Presented by Manasi Vartak, Co-founder & CEO at Verta
More ML models are being built today than ever before. However, whether you are a researcher writing a paper, an actuary, or an ML engineer building ML products, reproducing models, tracking their lineage, and versioning them still remains a big challenge. This seemingly simple problem of reproducing models has exposed data science teams in regulated industries to hefty fines, caused ML engineers to spend days remedying issues in production deployments, and caused researchers to spend weeks re-creating results from papers.

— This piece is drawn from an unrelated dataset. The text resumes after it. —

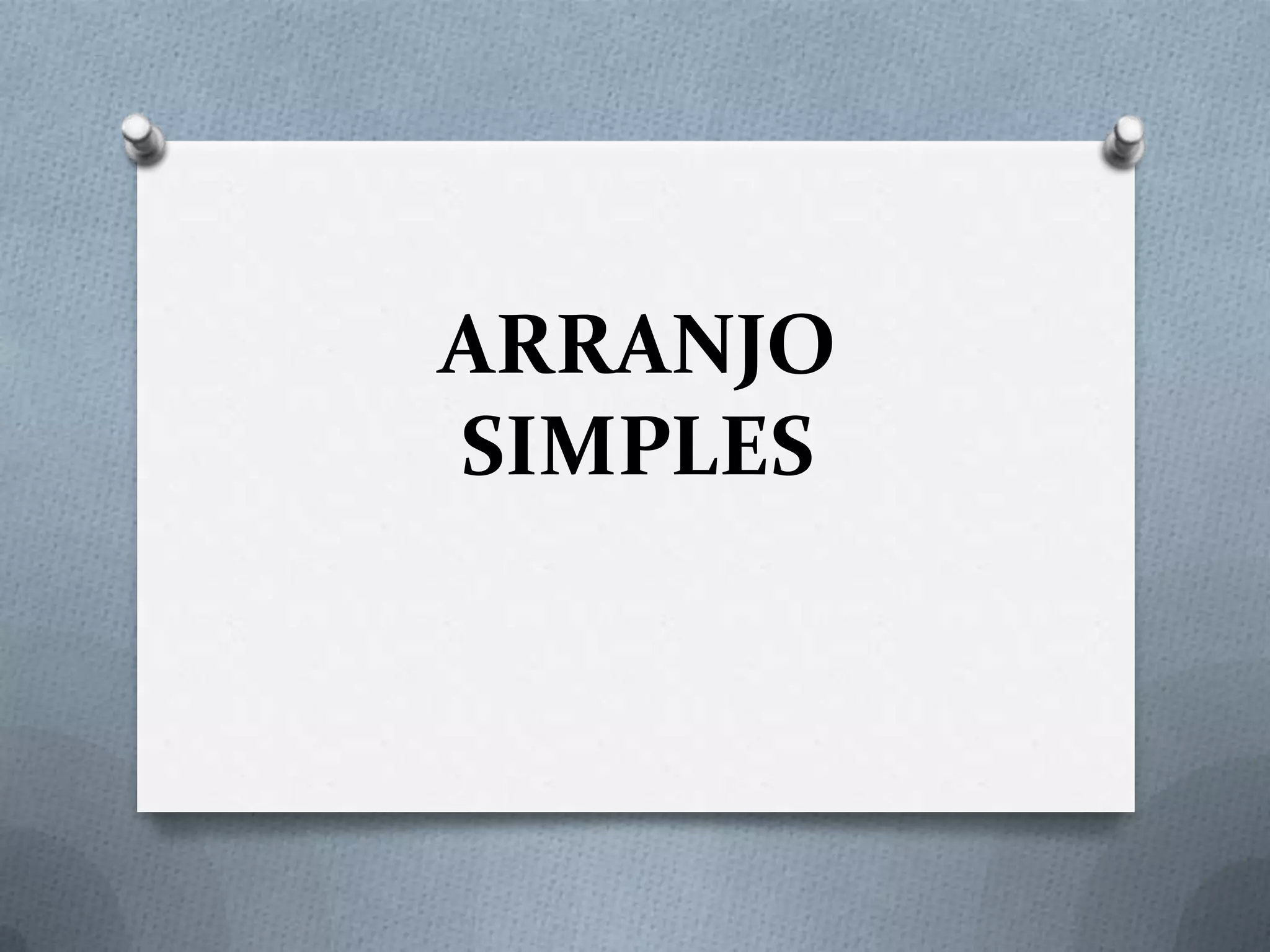 O documento explica o que são arranjos simples, que são agrupamentos onde a ordem dos elementos faz diferença. Ele fornece a fórmula geral para calcular a quantidade de arranjos simples de um conjunto e ilustra com três exemplos de como aplicar a fórmula.

At MIT, we faced these challenges of research reproducibility first-hand and developed an open-source model versioning and management tool called ModelDB. Unlike tools that only performed model tracking (e.g., metrics, hyperparameters, checkpoints etc.), ModelDB is the first system to versions all ingredients required to create the model, namely, the model code, data, configuration, and environment. Each of these ingredients is snapshotted and stored so that any model can be reproduced from scratch. Since its development, we have used ModelDB to enable reproducible research and model development across many application areas.
In this talk, I will discuss why model versioning is important and only continues to increases in value, present real-world applications where model versioning was able to safeguard against significant fines and save hundreds of researcher-hours, and show how by using a simple, open-source tool like ModelDB, any data scientist using Python can make their models reproducible.